WHAT YOU SHOULD DO >> From the data that follows, report the number of lines including "Solid", and only that number.

*** RECORDS FOR THE EXERCISE Section Begins ***

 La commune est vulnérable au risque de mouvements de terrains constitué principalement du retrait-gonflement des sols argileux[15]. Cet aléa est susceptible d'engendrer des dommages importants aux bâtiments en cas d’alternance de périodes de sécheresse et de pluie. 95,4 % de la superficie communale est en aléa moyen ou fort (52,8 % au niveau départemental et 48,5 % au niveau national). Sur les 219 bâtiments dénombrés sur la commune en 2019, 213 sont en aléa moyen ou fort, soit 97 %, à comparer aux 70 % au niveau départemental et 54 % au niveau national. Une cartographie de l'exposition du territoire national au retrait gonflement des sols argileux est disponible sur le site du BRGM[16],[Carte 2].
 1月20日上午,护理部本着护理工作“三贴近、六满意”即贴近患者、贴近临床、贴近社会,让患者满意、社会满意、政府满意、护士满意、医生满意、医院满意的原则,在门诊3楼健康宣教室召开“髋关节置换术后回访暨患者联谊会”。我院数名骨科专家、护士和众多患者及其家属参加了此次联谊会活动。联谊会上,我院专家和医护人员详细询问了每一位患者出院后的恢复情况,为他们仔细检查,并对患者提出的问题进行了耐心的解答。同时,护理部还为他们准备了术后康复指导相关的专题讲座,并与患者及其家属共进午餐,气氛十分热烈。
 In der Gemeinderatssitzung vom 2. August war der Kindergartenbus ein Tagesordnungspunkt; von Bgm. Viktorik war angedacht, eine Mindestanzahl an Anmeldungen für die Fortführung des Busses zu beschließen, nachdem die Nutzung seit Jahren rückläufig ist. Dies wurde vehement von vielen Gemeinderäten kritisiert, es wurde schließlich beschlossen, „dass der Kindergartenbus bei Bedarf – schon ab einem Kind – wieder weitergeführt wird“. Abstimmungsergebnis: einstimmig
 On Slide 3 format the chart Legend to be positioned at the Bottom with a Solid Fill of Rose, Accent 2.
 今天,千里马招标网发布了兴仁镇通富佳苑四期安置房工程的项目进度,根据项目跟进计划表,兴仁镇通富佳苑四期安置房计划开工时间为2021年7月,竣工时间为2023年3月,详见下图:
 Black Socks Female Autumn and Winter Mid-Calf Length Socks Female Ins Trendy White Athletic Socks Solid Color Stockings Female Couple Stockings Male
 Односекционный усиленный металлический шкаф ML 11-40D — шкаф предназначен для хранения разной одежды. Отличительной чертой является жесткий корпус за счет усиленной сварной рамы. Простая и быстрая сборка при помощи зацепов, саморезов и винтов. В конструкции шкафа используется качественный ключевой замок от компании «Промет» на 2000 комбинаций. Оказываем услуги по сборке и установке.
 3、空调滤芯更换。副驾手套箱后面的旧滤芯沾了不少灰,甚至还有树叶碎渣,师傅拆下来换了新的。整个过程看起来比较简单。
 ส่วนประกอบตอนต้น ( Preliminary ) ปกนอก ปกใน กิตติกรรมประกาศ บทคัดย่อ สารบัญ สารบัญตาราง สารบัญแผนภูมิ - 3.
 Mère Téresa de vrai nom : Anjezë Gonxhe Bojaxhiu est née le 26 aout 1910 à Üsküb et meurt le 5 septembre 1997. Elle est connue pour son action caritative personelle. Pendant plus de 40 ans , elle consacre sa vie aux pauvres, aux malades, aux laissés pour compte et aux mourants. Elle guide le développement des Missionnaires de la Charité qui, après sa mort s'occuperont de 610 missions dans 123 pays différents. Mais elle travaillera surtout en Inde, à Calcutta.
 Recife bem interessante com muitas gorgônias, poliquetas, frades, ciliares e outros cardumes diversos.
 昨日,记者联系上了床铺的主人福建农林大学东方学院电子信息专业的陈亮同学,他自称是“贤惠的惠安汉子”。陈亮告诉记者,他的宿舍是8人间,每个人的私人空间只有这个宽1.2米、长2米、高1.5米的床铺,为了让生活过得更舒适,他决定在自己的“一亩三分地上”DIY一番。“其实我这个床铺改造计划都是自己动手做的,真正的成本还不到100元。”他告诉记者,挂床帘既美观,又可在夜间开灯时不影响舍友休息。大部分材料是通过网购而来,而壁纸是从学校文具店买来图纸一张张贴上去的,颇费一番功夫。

*** RECORDS FOR THE EXERCISE Section Ends ***

WRITTEN ANSWER >> 2